Fast Protein Liquid Chromatography - Optimizing Protein Purification

Optimizing Protein Purification

Using a combination of chromatographic methods, purification of the target molecule is achieved. The purpose of purifying proteins with FPLC is to deliver quantities of the target at sufficient purity in a biologically active state to suit its further use. The quality of the end product varies depending the type and amount of starting material, efficiency of separation, and selectivity of the purification resin. The ultimate goal of a given purification protocol is to deliver the required yield and purity of the target molecule in the quickest, cheapest, and safest way for acceptable results. The range of purity required can be from that required for basic analysis (SDS-PAGE or ELISA, for example), with only bulk impurities removed, to pure enough for structural analysis (NMR or X-ray crystallography), approaching >99% target molecule. Purity required can also mean pure enough that the biological activity of the target is retained. These demands can be used to determine the amount of starting material required to reach the experimental goal. If the starting material is limited and full optimization of purification protocol cannot be performed, then a safe standard protocol that requires a minimum adjustment and optimization steps are expected. This may not be optimal with respect to experimental time, yield, and economy but it will achieve the experimental goal. On the other hand, if the starting material is enough to develop more complete protocol, the amount of work to reach the separation goal depends on the available sample information and target molecule properties. Limits to development of purification protocols many times depends on the source of the substance to be purified, whether from natural sources (harvested tissues or organisms, for example), recombinant sources (such as using prokaryotic or eukaryotic vectors in their respective expression systems), or totally synthetic sources.

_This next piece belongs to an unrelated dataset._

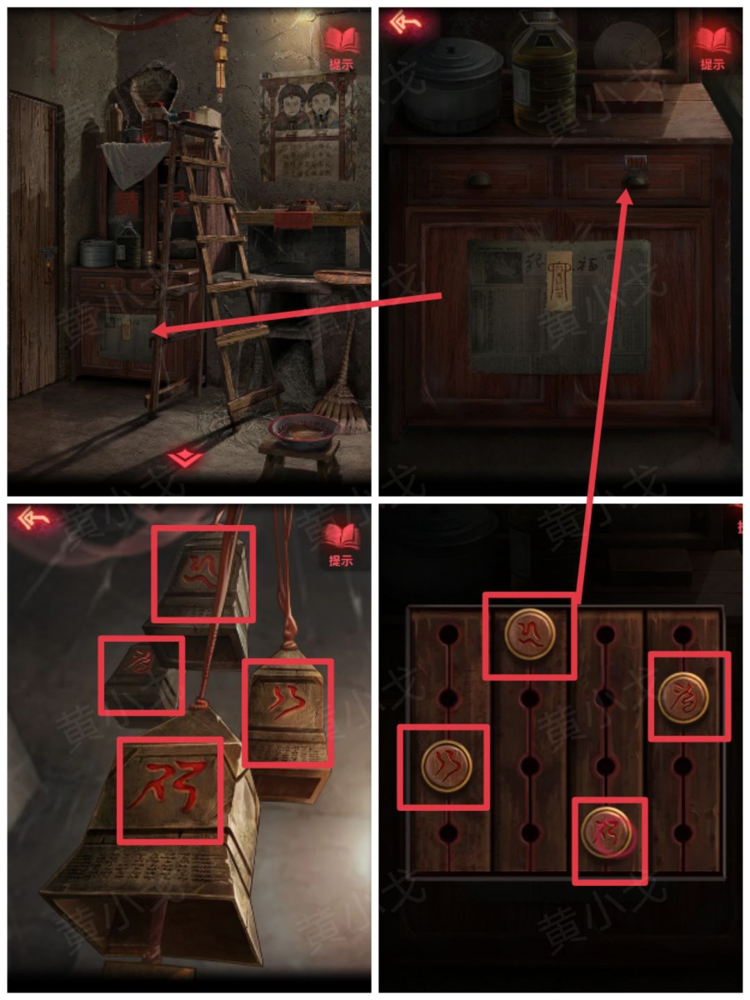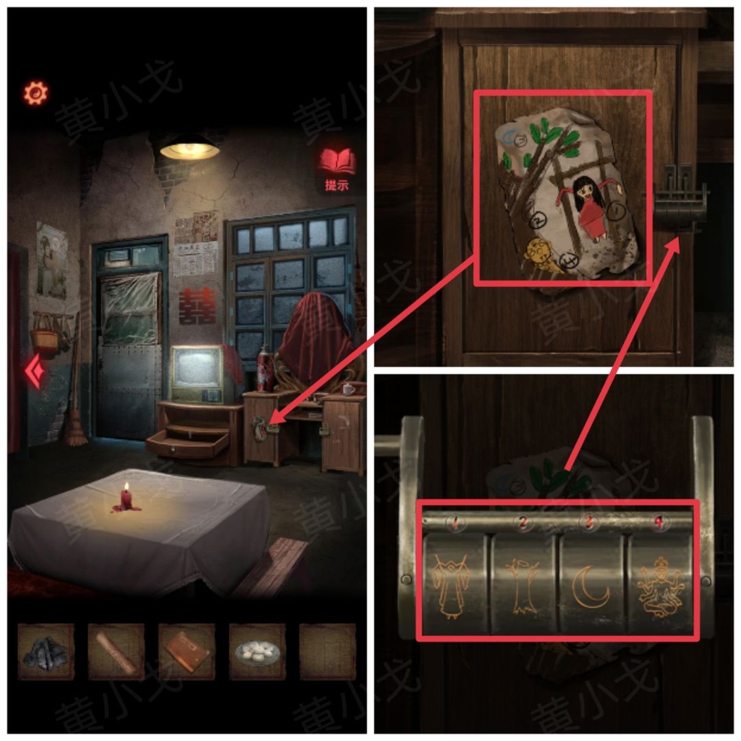12.点击梳妆台左侧柜子,根据柜门上的画,调整密码锁为:人、树、月亮、佛像

No chromatographic techniques provide 100% yield of active material and overall yields depend on the number of steps in the purification protocol. By optimizing each step for the intended purpose and arranging them that minimizes inter step treatments, the number of steps will be minimized.

A typical multistep purification protocol starts with a preliminary capture step which many times utilizes ion exchange chromatography (IEC). The medium (stationary phase) employed range from large bead resins (good for fast flow rates and little to no sample clarification at the expense of resolution) to small bead resins (for best possible resolution with all other factors being equal). Short and wide column geometries are amenable to high flow rates also at the expense of resolution, typically because of lateral diffusion of sample on the column. For techniques such as size exclusion chromatography to be useful, very long, thin columns and minimal sample volumes (maximum 5% of column volume) are required. Hydrophobic interaction chromatography (HIC) can also be used for first and/ or intermediate steps. Selectivity in HIC is independent of running pH and descending salt gradients are used. For HIC, conditioning involves adding ammonium sulphate to the sample to match the buffer A concentration. If HIC is used before IEC, the ionic strength would have to be lowered to match that of buffer A for IEC step by dilution, dialysis or buffer exchange by gel filtration. This is why IEC is usually performed prior to HIC as the high salt elution conditions for IEC are ideal for binding to HIC resins in the next purification step. Polishing is used to achieve the final level of purification required and is commonly performed on a gel filtration column. An extra intermediate purification step can be added or optimization of the different steps is performed for improving purity. This extra step usually involves another round of IEC under completely different conditions. Although this is an example of a common purification protocol for proteins, the buffer conditions, flow rates, and resins used to achieve final goals can be chosen to cover broad a range of target proteins. This flexibility is imperative for a functional purification system as all proteins behave differently and often deviate from predictions.